A recent divorce between Wall Street investor, Bill Gross, and his former wife took an unusual turn. According to the woman’s account, she was granted permission to remove any of the artwork or furnishings from their home that she desired. For reasons that are unclear, the wife chose to take a Picasso painting that they had jointly owned since 2006 without telling him of her decision to do so. The painting had been appraised for approximately $35 million.

Several months later, the couple decided to settle ownership of the painting by way of a coin toss. Though the wife won, she still did not inform him that she had already taken possession of it. Instead, she had replaced it with a replica that she had created herself.

As the husband was preparing to have the painting transferred to her residence, she told him that the one in his home was a forgery.

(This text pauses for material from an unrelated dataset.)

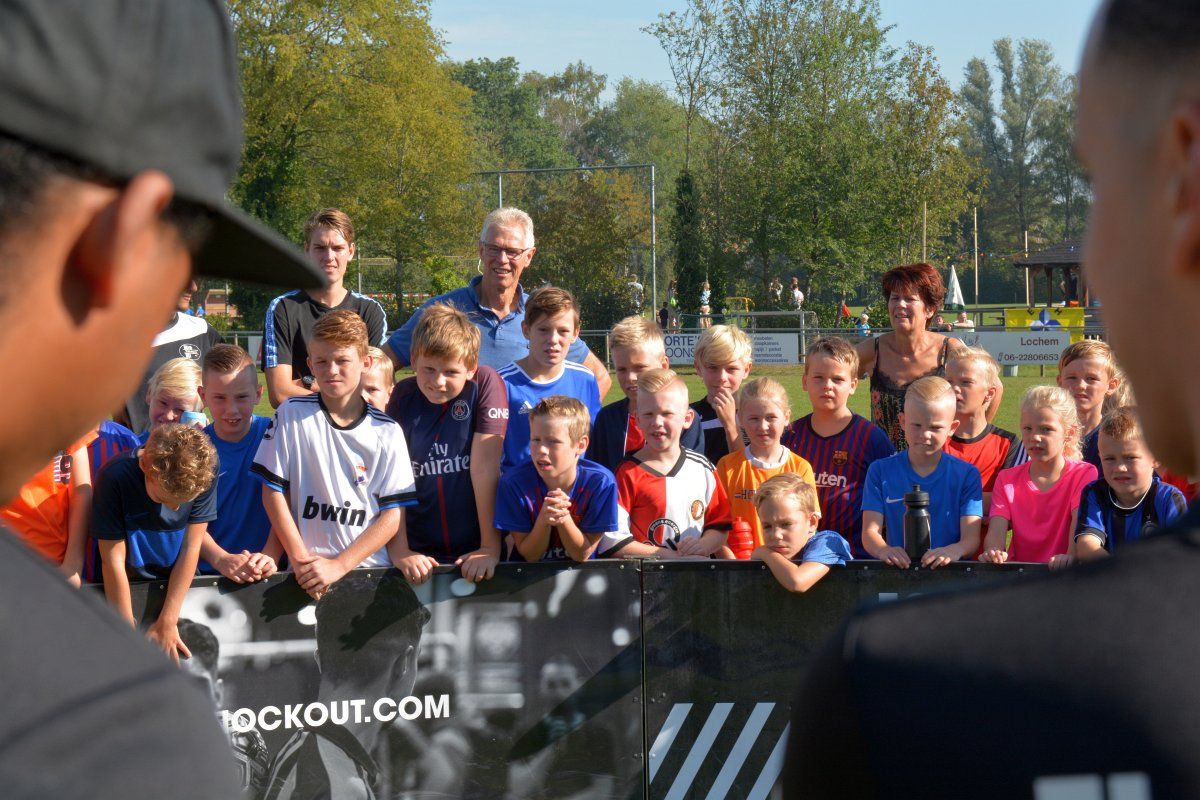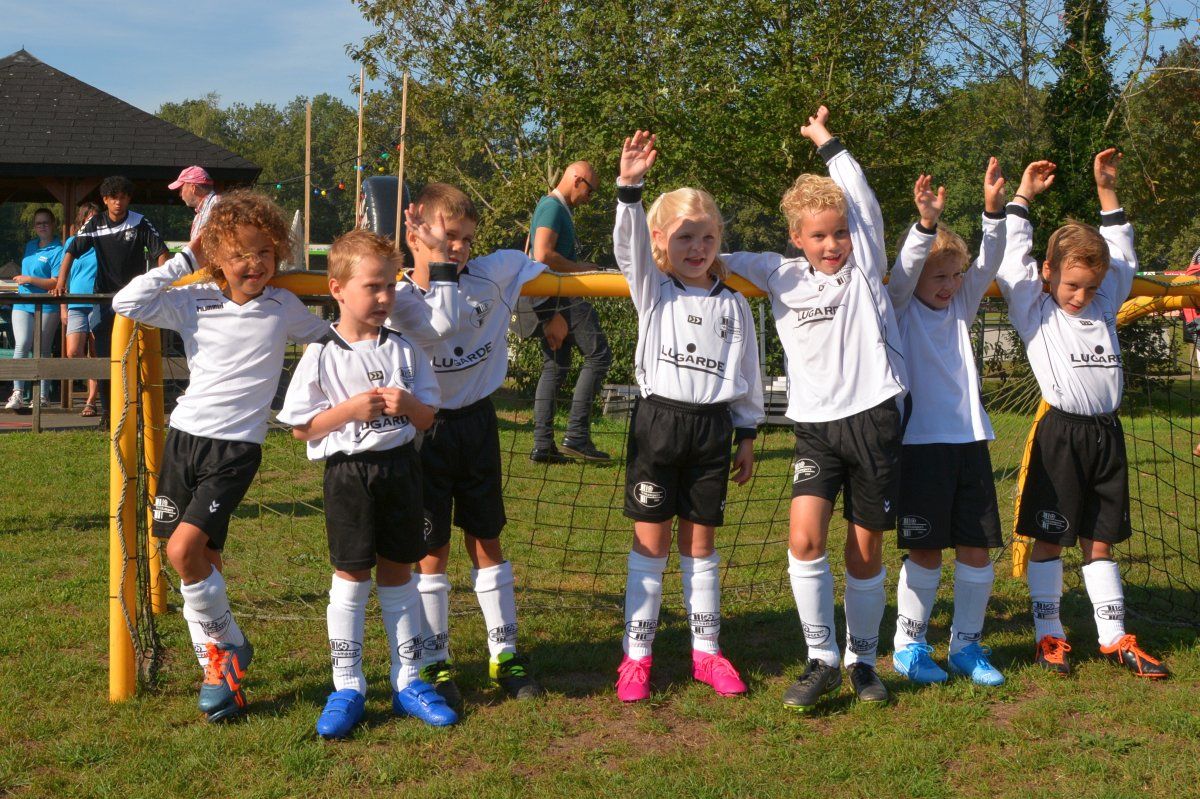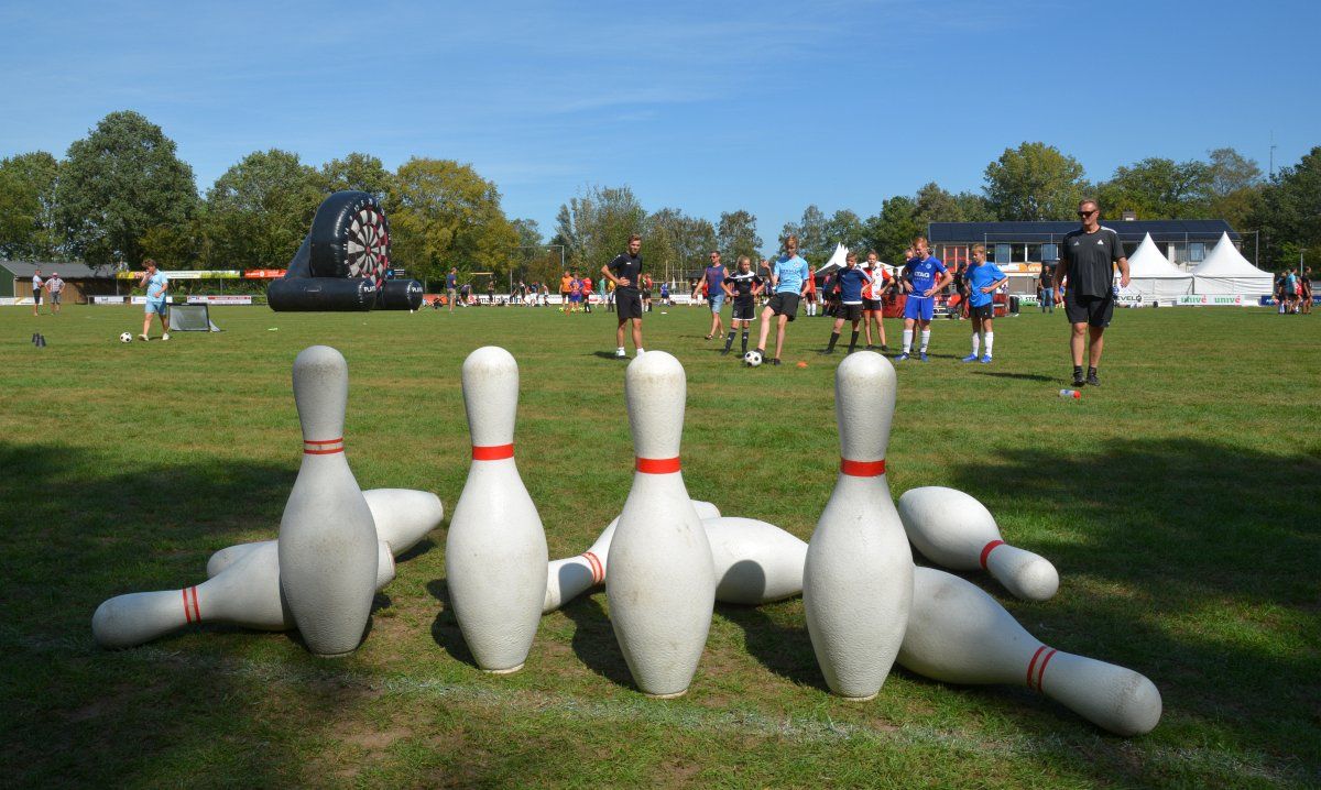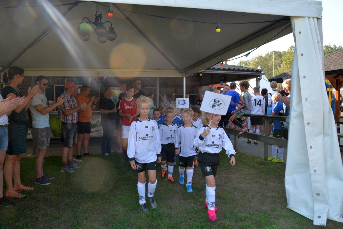 Johan mocht het verhaal niet te lang houden, want de spelers van de teams JO8 tot en met JO12 en die van het Speciaal Voetbal stonden te popelen om deel te nemen aan het eerste onderdeel van de festiviteiten. Een uitdagend en spectaculair spelcircuit van het bedrijf Freestyle Voetbal stond opgesteld op het eerste veld. Maar eerst gingen onder luid applaus en de hymne van de Champions League de minipups het tweede veld op voor een minitoernooi.

During the divorce trial, she was questioned about her actions, though she did not explain why she hung the forgery. She further admitted that she also had possession of a statue that her husband was not aware she had taken.

This case may seem unusual in that the former couple had come to an agreement in how to decide ownership of some of their marital possessions. The husband had purportedly praised his wife’s artistic abilities in the past, including her ability to replicate famous works of art. Florida residents who are unable to arrive at a mutually satisfactory agreement when it comes to their property division may be best served by consulting an experienced attorney who can provide knowledgeable assistance.